US President Donald Trump’s visit to India created a near diplomatic incident between police and the monkeys residing near the Taj Mahal, a monument to love.

Everything else went perfectly as planned; Trump enjoyed the mini wall Indian Prime Minister Narendra Modi ordered to be built on the welcome route from the airport to Indira Bridge, for the occasion.

(Just before arriving in India, Trump tweeted a meme, portraying himself as Baahubali [Baahubali is the highest grossing Indian movie at the box office] — slashing and spearing enemies on the battlefield, and in one sequence, even showing off his horsemanship as he plucks flowers on a full gallop to hand over to his love, Melania.)

Melania (Flotus) was heard to mumble (according to our sources): “Oh great! That’s all we need, another wall”.

She was most probably remembering his partial wall bordering Mexico, which is partially paid for, and a part of it which toppled over at the first gust of wind, somewhere in California, and a replica of which was scaled by an eight-year-old and a mountaineer who juggled while easily climbing the supposedly unscalable wall.

The purpose of Modi’s wall however, was not to keep immigrants away from Gujarat, but to hide from view how a section of Indians lived in his model state, which is often touted as the centre of development in the country.

Indian Twitterati were quick to make fun of the “Great Wall of Ahmedabad”, and wondered why the government could not use the money that was wasted in building the facade and impressing the American president, to bettering the lot of the people in the Saraniyavaas slums, who were hidden behind the wall.
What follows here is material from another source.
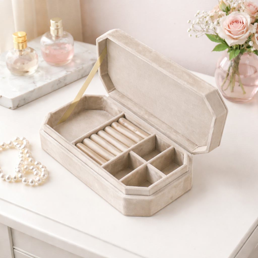 Mjög fallegt skartgripaskrín með flauelsáferð sem lætur fara vel um skartgripina þína
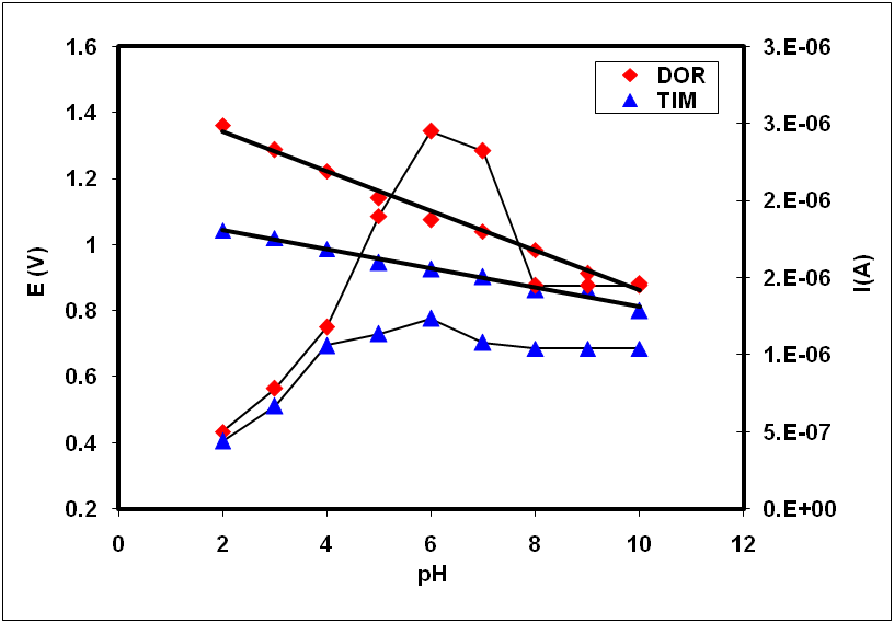 The result shows, that the slopes of DOR and TIM were-0.0603 and-0.028V, respectively, [37] indicated that the system obeys Nernest equation. These results revealed that an equal number of participated protons and transferred electrons are involved in the oxidation case of DOR but not the same number in TIM. The proposed mechanism was a loss of lone pair of electrons for amine group with losing of two protons in the oxidation of DOR and loss of one electron in the case of TIM as depicted in scheme 2.

The police, armed with catapults, hovered around the First Couple, ready to slingshot a stone at any left-leaning liberal monkeys who might attack [the US president].

- Mahmood Saberi, writer

Incidentally, my wife and I do something similar when people come visiting, in the age of the smartphone.

Friends: “Hey, how are you? Are you free today? Can we come over?”
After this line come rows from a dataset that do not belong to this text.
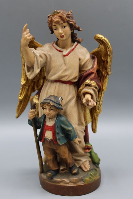 Schutzengel mit Bub Schnitzfigur ca. 14,5 cm
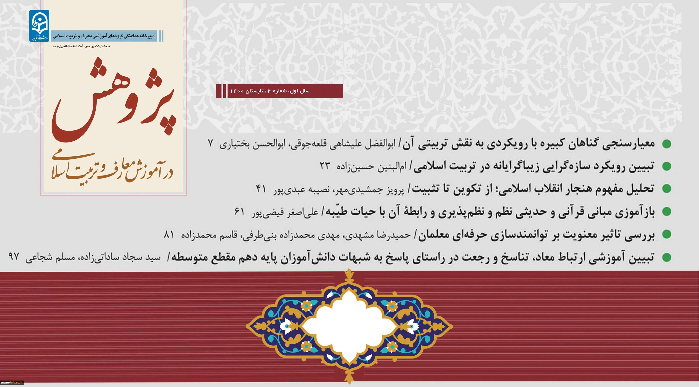 شماره سوم(تابستان 1400) فصلنامه علمی- تخصصی« پژوهش در آموزش معارف و تربیت اسلامی» منتشر شد 2
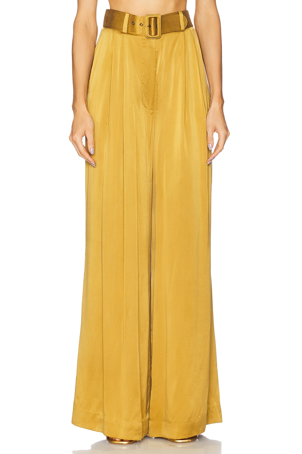 - Satin textile - Imported - Dry clean recommended - Zip fly with double hook and bar closure - Detachable belt with buckle closure - Midweight satin fabric - Item not sold as a set.26" at the knee breaks to 30" at the leg opening - Revolve Style No. ZIMM-WP49 - Manufacturer Style No. 2151PF25R

Me: “That’s great. Thank you for thinking of visiting us. When do you plan to come over?

Friends: “Now. We are downstairs. We will take the lift and be with you in a few minutes.”

The next few minutes are like how people walk stiffly and overly fast as a film is speeded up more than the usual 24 frames per second: I suddenly kneel and jerkily push the newspapers and magazines under the sofa.

My wife takes the dirty dishes and dumps them in the cabinet under the kitchen sink. I then throw the clothes scattered around, into the washing machine. But none of us thinks (like Modi) of hiding either of us out of sight, in a closet).

Fast food junkie

Trump is a fast food junkie and is known as the “Fast Food President”.

He loves hamburgers, fries and Diet Coke and is not averse to carrying a bucket of fried chicken into Air Force One during his foreign jaunts.

He is just under the limit of being termed obese, but he did not complain much when he was served vegetarian fare and khaman, a sort of dhokla made with chickpea flour, instead of rice flour, instead of the famous Mughlai meaty food of Ahmedabad.

Back to the Taj Mahal, and the police feared that the monkeys that frequent the monument (because India is ruthlessly decimating the forest cover in urban areas) will attack Trump and his family.

So, the police, armed with catapults, hovered around the First Couple, ready to slingshot a stone at any left-leaning liberal monkeys who might attack the right-wing white supremacist leader.

Luckily no monkeys were hurt or harmed during the ‘Namaste Trump’ extravaganza.